I too am serving as the chair of a nominating and compensation committee of a company listed on the Tokyo Stock Exchange’s Prime Market. I truly feel that there can be a difference in who is the right person to select at the next CEO or next member of the board of directors, and what skills should be held by such a person, depending on the management direction over the medium to long term of the corporate group as a whole.
While the decision as to whether your company’s management or YFO has the better management strategy is up to the shareholders, I and the other director and statutory auditor nominees in the shareholder proposal found YFO’s way of thinking about your company’s sound governance and sustainable growth to be appealing, and we understand that it will require independent management to be achieved. If we were to be interviewed by your company’s nominating and compensation committee at this time, there is a risk that we would be evaluated based on whether we would be appropriate to contribute to the growth strategy that your company’s management has envisioned, and if we would not contribute to that strategy that we would be deemed not suitable.

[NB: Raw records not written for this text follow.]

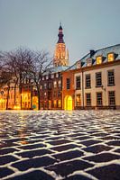 Beeld van centrum van Breda in de sneeuw (16 Januari 2021). Op de achtergrond is de Grote Kerk van Breda te zien (ookwel Onze-Lieve_Vrouwe kerk genoemd).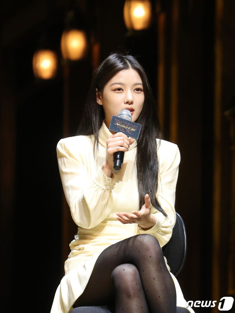 (서울=뉴스1) 권현진 기자 = 배우 김유정이 7일 오후 서울 서초구 예술의전당 CJ 토월극장에서 열린 연극 ‘셰익스피어 인 러브’ 기자간담회에서 인사말을 하고 있다. ‘셰익스피어 인 러브’는 슬럼프에 빠져있던 셰익스피어가 연극 배우를 꿈꾸는 여성 비올라와 애절한 사랑에 빠지고, 이를 바탕으로 세기의 걸작인 ‘로미오와 줄리엣’을 써내려 간다는 내용의 동명의 영화(1998)를 원작으로 한다. 2023.2.7/뉴스1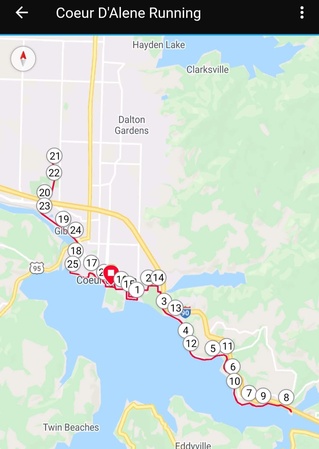The run starts through an older, historic part of CDA. The houses are huge and beautiful, and the path took us along the lake as much as possible. The course was well marked. Leaving town (and the lake view), I ran by the entrance to the famous CDA golf course. My husband was able to golf there the day before!

We are concerned that the meaning behind YFO’s shareholder proposal would not be communicated to your company’s shareholders and employees in this way. As nominees who found YFO’s way of thinking about your company’s sound governance and sustainable growth to be appealing, this would be contrary to our intention.
Finally, this is not to deny that the appropriate functioning of a voluntary nominating and compensation committee contributes to your company’s governance as an advisory body to the board of directors. However, on this occasion it is clear that the current management and the proposing shareholder are in conflict with each other as to the evaluation of your company’s corporate governance. We understanding it would be difficult for this voluntary nominating and compensation committee comprised of your company’s representative directors and outside directors to fulfill its originally intended function in the present circumstances, where the annual shareholders meeting at which ordinary shareholders will be asked to make a decision on these matters is fast approaching. Please understand that this kind of understanding is the basis for our view.
This conclusion and its reasons have been collected from each director and statutory auditor candidate, and each of us has agreed with it. Accordingly, I have responded on behalf of each of the other director and statutory auditor candidates to whom your company sent a request for an interview. Also, this response’s content is based on consultation among myself and the other director and statutory auditor candidates, and the views of YFO are not in any respect contained herein.